Place the oil and bacon into a 10 to 12-inch cast iron or heavy bottom non-stick skillet, cook over medium heat, stirring occasionally until crisp on the edges but still chewy, about 6 minutes. Drain on paper towels and set aside.
In a large bowl whisk together flour, baking powder, salt and cayenne. Add cheese, bacon, egg, milk, and sage; stir with a wooden spoon until just combined. You may need up to an additional 2 tablespoons milk to achieve a consistency that remains thick but falls from the spoon when tested.
Spread the mixture into the prepared pan. It should come to the rim for best browning. Tap the pan a few times flatly on the counter to release any trapped air.
Bake until slightly puffed and golden brown on top, about 30 minutes depending on size and shape of pan. A toothpick inserted in the center should come out very clean and nearly dry.
Remove the bread from pan and allow it to cool at least 30 minutes before slicing.

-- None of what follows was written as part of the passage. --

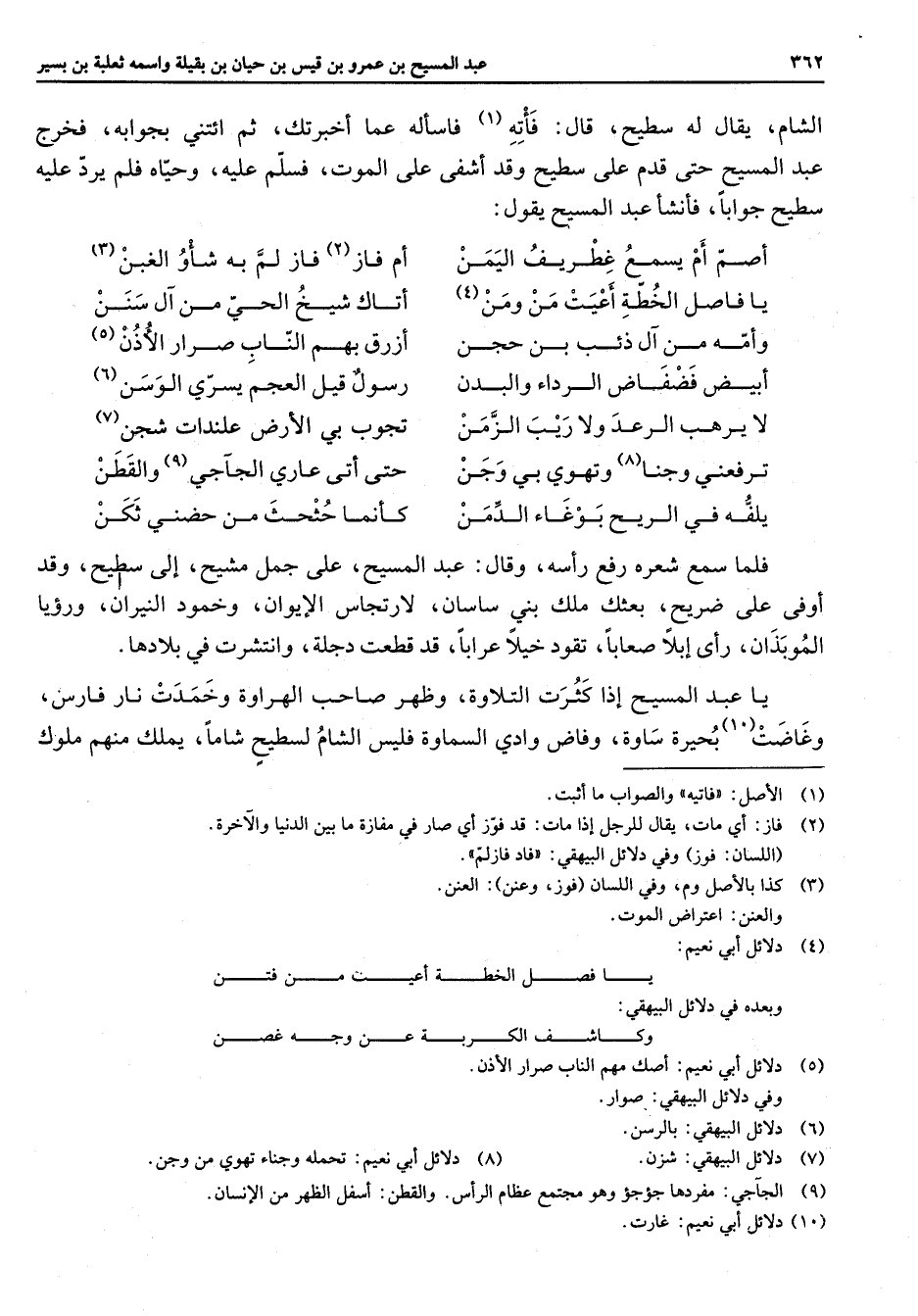 الشام يقال له سطيح قال فأته (1) فاسأله عما أخبرتك ثم ائتني بجوابه فخرج عبد المسيح حتى قدم على سطيح وقد أشفى على الموت فسلم عليه وحياه فلم يرد عليه سطيح جوابا فأنشأ عبد المسيح يقول * أصم أم يسمع غطريف اليمن * أم فاز (2) فار لم به شأو الغبن (3) يا فاصل الخطة أعيت من ومن (4) * أتاك شيخ الحي من آل سنن وأمه من آل ذئب بن حجن * أزرق بهم الناب صرار الأذن (5) أبيض فضفاض الرداء والبدن * رسول قيل العجم يسري الوسن (6) لا يرهب الرعد ولا ريب الزمن * تجوب بي الأرض علندات شجن (7) ترفعني وجنا (8) وتهوي بي وجن * حتى أتى عاري الجاجي (9) والقطن يلفه في الريح بوغاء الدمن * كأنما حثحث من حضني ثكن * فلما سمع شعره رفع رأسه وقال عبد المسيح على جمل مشيح إلى سطيح وقد أوفى على ضريح بعثك ملك بني ساسان لارتجاس الإيوان وخمود النيران ورؤيا الموبذان رأى إبلا صعابا تقود خيلا عرابا قد قطعت دجلة وانتشرت في بلادها يا عبد المسيح إذا كثرت التلاوة وظهر صاحب الهراوة وخمدت نار فارس وغاضت (10) بحيرة ساوة وفاض وادي السماوة فليس الشام لسطيح شاما يملك منهم ملوك

Serve alone, with butter or jam, or as the base for a savory appetizer. I suggest spicy, sauteed shrimp (see recipe here: http://www.sippitysup.com/recipe/spicy-sauteed-shrimp/)
Ingredients
3 tablespoon unsalted butter
1 tablespoon extra-virgin olive oil
2 clove garlic (peeled and minced)
1 pound large shrimp (16-20 per pound)
3 tablespoon hot sauce
2 tablespoon apple cider vinegar
minced parsley and/or chives (as garnish)
Directions
Heat butter in a large cast iron skillet or non stick skillet set over medium high heat. Once it melts and begins to foam add oil, and then the garlic. Saute until the garlic begins to color, about 1 minute. Add shrimp to the skillet and continue to saute 3 to 5 minutes, or until shrimp just begins to turn pink. Turn off the heat and stir in hot sauce and cider vinegar. Gently stir the shrimp until well coated. Let rest in the warm skillet bout 3 minutes, then serve warm garnished with parsley and/or chives.